L’urbaniste me semble être non pas un passeur de message, mais un facilitateur de parole : il ne détient pas une vérité donnée, mais accompagne les parties-prenantes pour leur permettre de construire ensemble un projet de territoire (à toute échelle). La vision holistique de l’urbanisme me semble être un atout pour avoir ce type de posture et porter ce type de démarche.

Cela se fonde beaucoup sur une forme d’intelligence collective. C’est à la base d’une ville et pourtant … la crois-tu perdue ? effacée ? à révéler ?

Je suis d’accord avec l’idée que l’intelligence collective est diffuse sur un territoire donné. En ce sens, pourquoi chercher à la réhabiliter, la révéler ? En réalité, il est nécessaire de connecter ce concept d’intelligence collective au processus décisionnel par lequel se construit une ville. Où sont prises les décisions qui font aboutir les projets d’aménagement ? Dans quels lieux, sous quelles formes ? Si les démarches participatives et d’intelligence collective sont déconnectées des processus décisionnels au sens large (participation à la conception, à la décision, à la mise en œuvre et à l’évaluation des projets), comme c’est trop souvent le cas, alors il me semble que cette intelligence collective doit  effectivement être révélée.

L’intelligence collective se fonde sur une discussion forte entre tous. Les formes de discussion institutionnalisées paraissent bien floues. On parle de concertation, participation mais cela prend d’avantage la forme d’instruments de « mise en acceptation », qu’à des instruments de « co-construction ». Qu’en penses-tu ?

Il existe différents degrés de participation, qui portent  des noms  et recouvrent des réalités différentes : information, consultation, concertation, co-construction…

On utilise souvent ces différents termes de manière indistincte, et donc erronée. Il peut par exemple arriver de parler  de concertation pour désigner une démarche purement informative. Cette confusion entre les termes nourrit la défiance envers les démarches participatives. Cela génère (à juste titre) des réactions de déception, de frustration, voire de rejet.

Il est ainsi crucial de définir en amont  les marges de manœuvre possibles.  Et de se poser certaines questions : pourquoi concerter ? sur quoi ? avec qui ? comment ? quand ? C’est essentiel pour que le processus de concertation soit compris et accepté par tous.
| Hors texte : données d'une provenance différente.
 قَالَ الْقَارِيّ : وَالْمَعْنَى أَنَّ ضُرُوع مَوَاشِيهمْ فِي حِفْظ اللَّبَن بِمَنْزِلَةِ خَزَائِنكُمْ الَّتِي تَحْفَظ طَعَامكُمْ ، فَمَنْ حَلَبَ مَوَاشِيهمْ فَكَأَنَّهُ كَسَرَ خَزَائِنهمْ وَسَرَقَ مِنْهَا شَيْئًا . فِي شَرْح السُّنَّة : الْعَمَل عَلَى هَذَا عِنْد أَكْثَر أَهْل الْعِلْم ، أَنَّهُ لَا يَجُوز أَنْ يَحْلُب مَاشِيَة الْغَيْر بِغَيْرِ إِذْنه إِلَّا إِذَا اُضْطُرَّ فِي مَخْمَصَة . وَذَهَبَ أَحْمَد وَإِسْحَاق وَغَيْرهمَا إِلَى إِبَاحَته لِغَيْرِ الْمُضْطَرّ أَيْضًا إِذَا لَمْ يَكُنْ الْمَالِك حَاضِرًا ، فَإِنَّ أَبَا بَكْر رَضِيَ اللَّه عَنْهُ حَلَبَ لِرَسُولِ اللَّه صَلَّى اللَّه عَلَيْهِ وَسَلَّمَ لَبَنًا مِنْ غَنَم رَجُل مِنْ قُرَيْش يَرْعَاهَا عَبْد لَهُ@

De manière générale, les projets d’aménagement conçoivent trop souvent la concertation comme une « bulle » évoluant en parallèle du projet urbain. La maîtrise d’ouvrage, l’assistance à maîtrise d’ouvrage et la maîtrise d’œuvre sont depuis longtemps les acteurs traditionnels de l’aménagement. Ils ont l’habitude de travailler ensemble et  leur légitimité respective n’est pas questionnée. Un  nouvel acteur, la maîtrise d’usage, issue des démarches de concertation, émerge et doit trouver sa place au sein du processus de création du projet.
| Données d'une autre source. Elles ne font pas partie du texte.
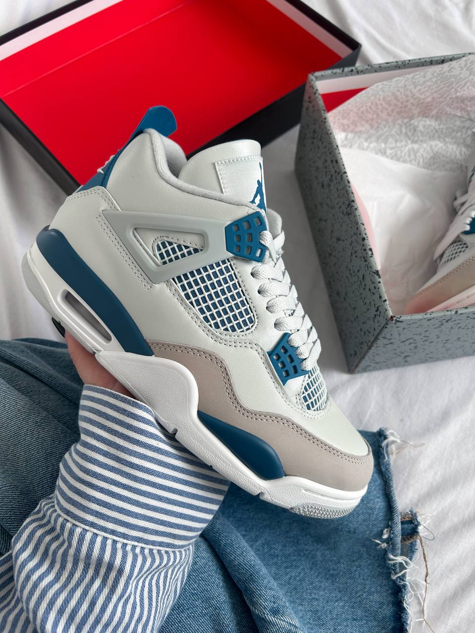 Air Jordan 4 Retro Military Blue — це легендарна модель кросівок з класичним дизайном, яка поєднує білі, сині та сірі кольори, натхненні військовим стилем для створення універсального і стильного вигляду.
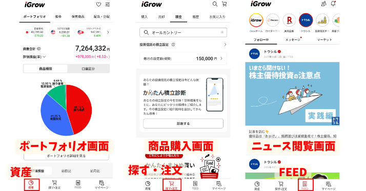 iGrowアプリでは、主に『資産』『探す・注文』『FEED』を使用することが多いですが、どの項目でも分かりやすくて操作に迷うことはほとんどないでしょう。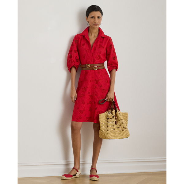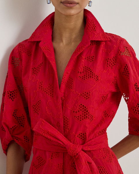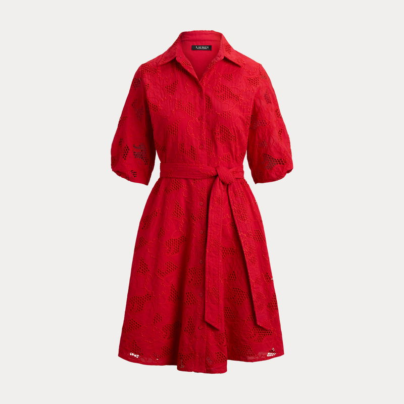 Crafted from airy cotton voile, this feminine shirtdress features all-over floral eyelet embroidery, voluminous balloon sleeves and a belted waist.

Une lecture rapide des cahiers des charges actuels (dans les consultations publiques) va dans le sens de mon propos : les décisions stratégiques prises pour la conception d’un projet urbain sont généralement issues de considérations techniques, telles qu’un diagnostic foncier, un diagnostic urbain et architectural… Ces éléments sont, dans les appels d’offre, toujours « phasés » . Ils sont structurés de manière logique et calendaire. Ils s’insèrent dans une logique de gestion de projet. Au contraire, lorsqu’une démarche de concertation est demandée, elle n’est généralement pas « phasée » et se trouve déconnectée de toute la logique de projet (en général, un paragraphe supplémentaire dénommé « concertation » vient conclure le cahier des charges, sans que celle-ci ne soit comprise en termes de processus, mais bien comme une bulle évoluant de manière indépendante et parallèle).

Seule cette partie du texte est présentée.